* [Information shown]
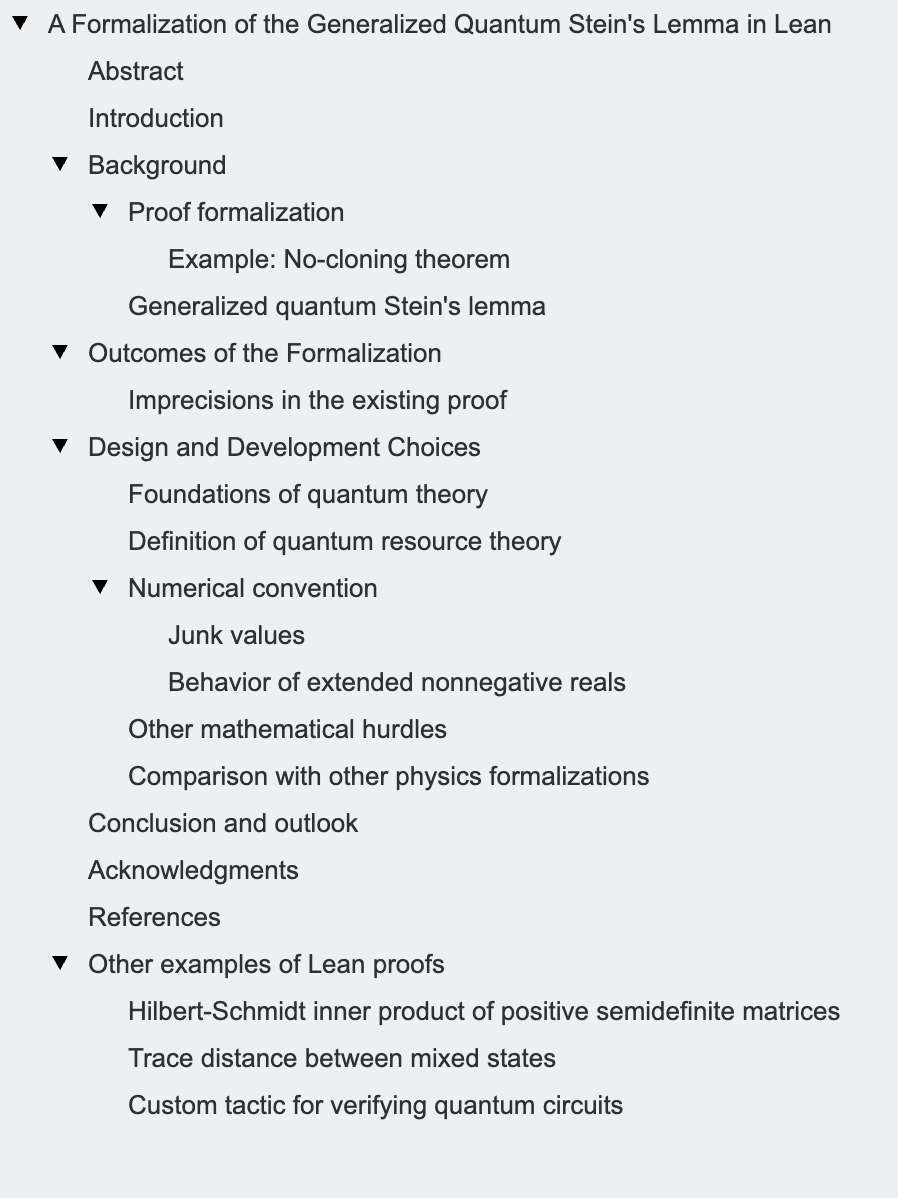 我们在LEAN定理证明器[8-10]中形式化了基于文献[6]的这个广义量子斯坦因引理(GQSL)。为了实现这一目标,必须构建量子信息的底层正式结构,这反过来又需要更基本和基础的数学结构。这一系列依赖关系展示了在LEAN(或其他定理证明语言)中进行证明工作的独特环境。
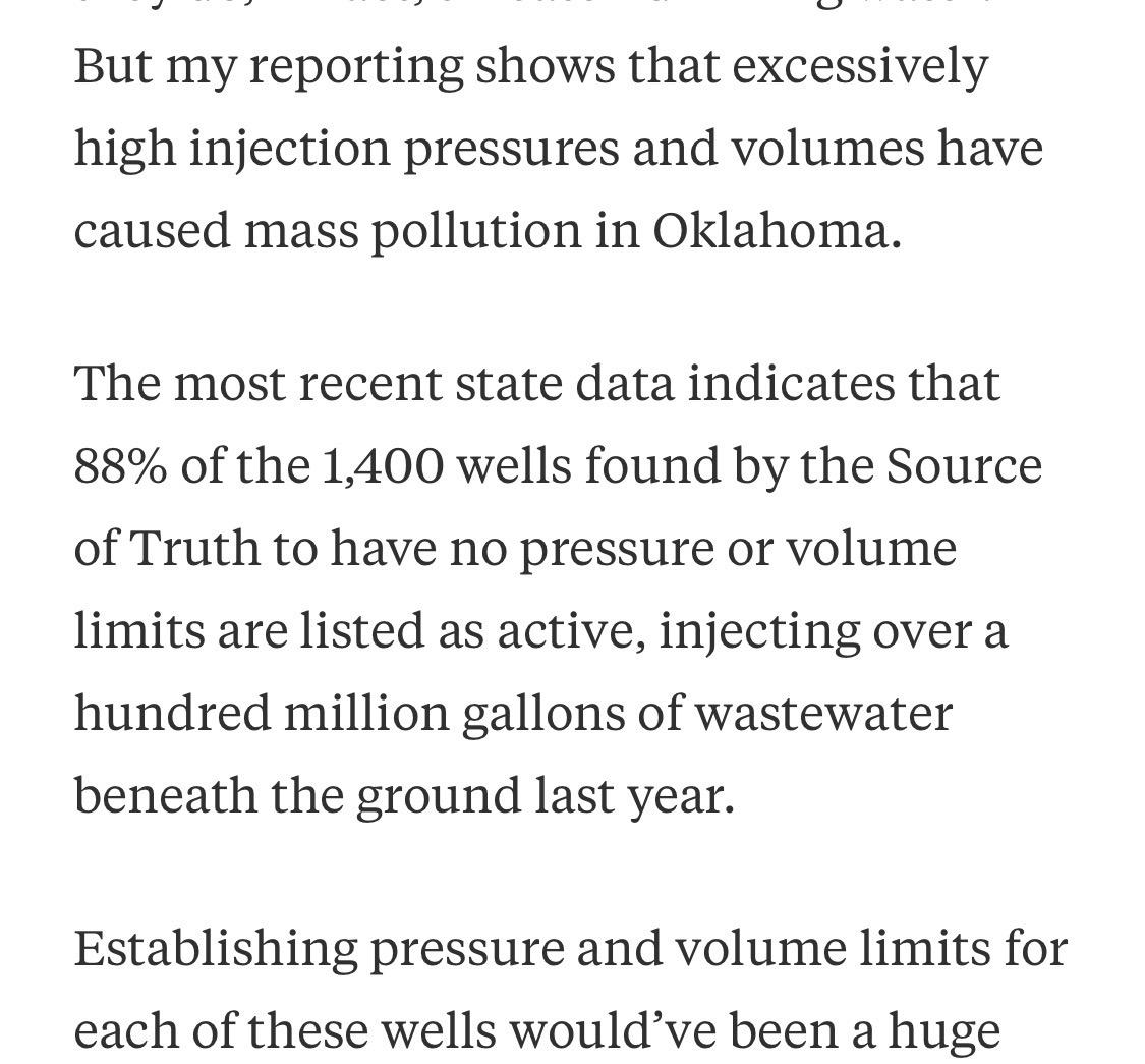 But my reporting shows that excessively high injection pressures and volumes have caused mass pollution in Oklahoma. The most recent state data indicates that 88% of the 1,400 wells found by the Source of Truth to have no pressure or volume limits are listed as active, injecting over a hundred million gallons of wastewater beneath the ground last year. Establishing pressure and volume limits for each of these wells would've been a huge
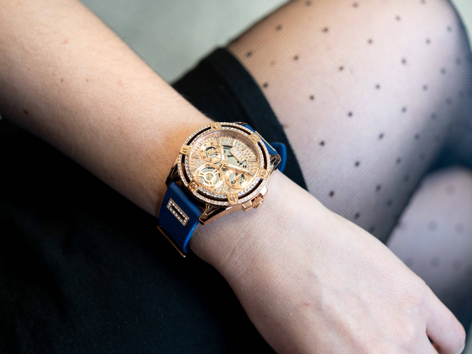 Женские наручные часы-скелетоны с минеральным стекломМинеральное стеклоМинеральное стекло представляет собой искусственно выращенный минерал кварца. Такое стекло отличается особой устойчивостью к повреждениям и царапинам. Уступает по некоторым качествам сапфировому стеклу. Guess Queen GW0536L5, кварцевый механизм с высокой точностью. Класс водозащиты: 30 метров, позволит защитить корпус от случайных брызг или капель дождя. Корпус часов изготовлен из стали с IP-покрытиемIP-покрытиеМетод ионного напыления. Демонстрирует повышенную устойчивость к истиранию, окислению и химическим веществам. Под воздействием высокого давления и температуры около 1500°C молекулы металла надёжно соединяются с частицами корпуса часов.. Силиконовый ремешок на стандартной застёжке. 24-х часовой формат времени, дата и день недели вынесены на отдельные циферблаты. Метки в виде штрихов. Рифленая заводная головка с защитой. Циферблат и ремешок украшены кристаллами.
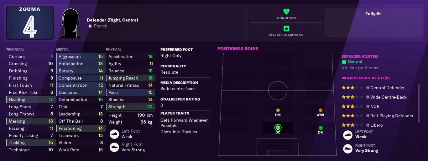 Tinggi 190cm, jumping reach 18, heading 17, balance 19, dan strength 20! Tidak terbayangkan siapa yang lebih superior duel udara nya selain Zouma, lima aspek tadi angka-angka nya hampir sempurna, Zouma sepaket dengan JWP adalah pilihan terbaik untuk mengandalkan sumber gol dari Corner Kick. Zouma juga memiliki acceleration 18 dan pace 15, cukup oke untuk mengejar striker-striker cepat seperti Mbappe, Haaland, Osimhen, dll/

* [Problem details] Reproduce the full listing verbatim so that only the pictures are missing.

* [Reply]
 我们在LEAN定理证明器[8-10]中形式化了基于文献[6]的这个广义量子斯坦因引理(GQSL)。为了实现这一目标,必须构建量子信息的底层正式结构,这反过来又需要更基本和基础的数学结构。这一系列依赖关系展示了在LEAN(或其他定理证明语言)中进行证明工作的独特环境。
 But my reporting shows that excessively high injection pressures and volumes have caused mass pollution in Oklahoma. The most recent state data indicates that 88% of the 1,400 wells found by the Source of Truth to have no pressure or volume limits are listed as active, injecting over a hundred million gallons of wastewater beneath the ground last year. Establishing pressure and volume limits for each of these wells would've been a huge
 Женские наручные часы-скелетоны с минеральным стекломМинеральное стеклоМинеральное стекло представляет собой искусственно выращенный минерал кварца. Такое стекло отличается особой устойчивостью к повреждениям и царапинам. Уступает по некоторым качествам сапфировому стеклу. Guess Queen GW0536L5, кварцевый механизм с высокой точностью. Класс водозащиты: 30 метров, позволит защитить корпус от случайных брызг или капель дождя. Корпус часов изготовлен из стали с IP-покрытиемIP-покрытиеМетод ионного напыления. Демонстрирует повышенную устойчивость к истиранию, окислению и химическим веществам. Под воздействием высокого давления и температуры около 1500°C молекулы металла надёжно соединяются с частицами корпуса часов.. Силиконовый ремешок на стандартной застёжке. 24-х часовой формат времени, дата и день недели вынесены на отдельные циферблаты. Метки в виде штрихов. Рифленая заводная головка с защитой. Циферблат и ремешок украшены кристаллами.
 Tinggi 190cm, jumping reach 18, heading 17, balance 19, dan strength 20! Tidak terbayangkan siapa yang lebih superior duel udara nya selain Zouma, lima aspek tadi angka-angka nya hampir sempurna, Zouma sepaket dengan JWP adalah pilihan terbaik untuk mengandalkan sumber gol dari Corner Kick. Zouma juga memiliki acceleration 18 dan pace 15, cukup oke untuk mengejar striker-striker cepat seperti Mbappe, Haaland, Osimhen, dll/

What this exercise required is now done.